D'Argenio Giuseppe, Valenti Marta, Scaglione Giuseppe, Cosenza Vittorio, Sorrentini Italo, Di Marzo Vincenzo
Gastroenterologia, Università di Napoli Federico II, Naples, Italy.
FASEB J. 2006 Mar;20(3):568-70. doi: 10.1096/fj.05-4943fje. Epub 2006 Jan 10.
Direct stimulation of cannabinoid CB1 receptors exerts a protective function in animal models of inflammatory bowel diseases (IBDs). However, it is not known whether endocannabinoids are up-regulated during IBDs in animals or humans, nor whether pharmacological elevation of endocannabinoid levels can be exploited therapeutically in these disorders. In this study we addressed these questions. Colon inflammation was induced in mice and rats with 2,4-dinitrobenzene- and 2,4,6-trinitrobenzene sulfonic acids (DNBS and TNBS), respectively. DNBS-treated mice were treated chronically (for 3 or 7 days) with inhibitors of anandamide enzymatic hydrolysis (N-arachidonoyl-serotonin, AA-5-HT) or reuptake (VDM11), 10 or 5 mg/kg, s.c., or with 5-amino-salicilic acid (5-ASA, 1.4 mg/kg, i.r.). Endocannabinoids (anandamide and 2-arachidonoylglycerol, 2-AG) were quantified in mouse colon, or in rat colon mucosa and submucosa, and in bioptic samples from the colon of patients with untreated ulcerative colitis, by liquid chromatography-mass spectrometry. A strong elevation of anandamide, but not 2-AG, levels was found in the colon of DNBS-treated mice, in the colon submucosa of TNBS-treated rats, and in the biopsies of patients with ulcerative colitis. VDM-11 significantly elevated anandamide levels in the colon of DNBS-treated mice and concomitantly abolished inflammation, whereas AA-5-HT did not affect endocannabinoid levels and was significantly less efficacious at attenuating colitis. 5-ASA also increased anandamide levels and abolished colitis. Thus, anandamide is elevated in the inflamed colon of patients with ulcerative colitis, as well as in animal models of IBDs, to control inflammation, and elevation of its levels with inhibitors of its cellular reuptake might be used in the treatment of IBDs.

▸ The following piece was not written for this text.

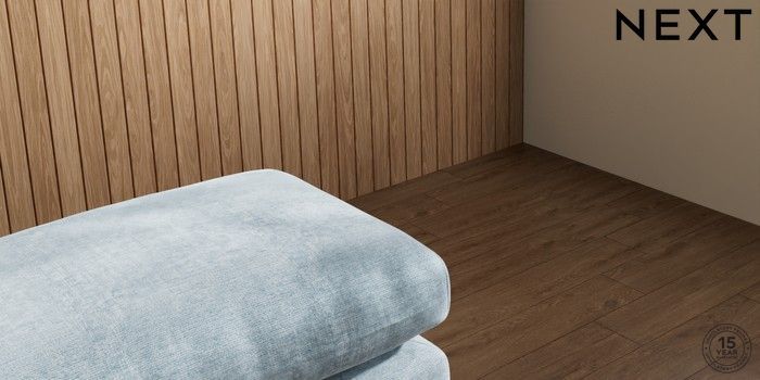 7.3.1 Buy Orlo Relaxed Sit Footstool Plush Chenille Light Blue Retro Tapered - Dark Brown from the Seasons online shop Click here to use our website with more accessibility support, for example screen readers

在炎症性肠病(IBD)动物模型中,直接刺激大麻素CB1受体可发挥保护作用。然而,尚不清楚内源性大麻素在动物或人类IBD期间是否上调,也不清楚内源性大麻素水平的药理学升高是否可用于这些疾病的治疗。在本研究中,我们解决了这些问题。分别用2,4 -二硝基苯磺酸和2,4,6 -三硝基苯磺酸(DNBS和TNBS)在小鼠和大鼠中诱导结肠炎症。用10或5 mg/kg皮下注射的花生四烯乙醇胺酶促水解抑制剂(N -花生四烯酰 - 5 -羟色胺,AA - 5 - HT)或再摄取抑制剂(VDM11),或1.4 mg/kg腹腔注射的5 -氨基水杨酸(5 - ASA)对DNBS处理的小鼠进行长期(3或7天)治疗。通过液相色谱 - 质谱法对小鼠结肠、大鼠结肠黏膜和黏膜下层以及未经治疗的溃疡性结肠炎患者结肠活检样本中的内源性大麻素(花生四烯乙醇胺和2 -花生四烯酰甘油,2 - AG)进行定量。在DNBS处理的小鼠结肠、TNBS处理的大鼠结肠黏膜下层以及溃疡性结肠炎患者的活检样本中,发现花生四烯乙醇胺水平显著升高,而2 - AG水平未升高。VDM - 11显著提高了DNBS处理小鼠结肠中的花生四烯乙醇胺水平,并同时消除了炎症,而AA - 5 - HT不影响内源性大麻素水平,在减轻结肠炎方面效果显著较差。5 - ASA也提高了花生四烯乙醇胺水平并消除了结肠炎。因此,花生四烯乙醇胺在溃疡性结肠炎患者的炎症结肠以及IBD动物模型中升高,以控制炎症,并且用其细胞再摄取抑制剂提高其水平可能用于IBD的治疗。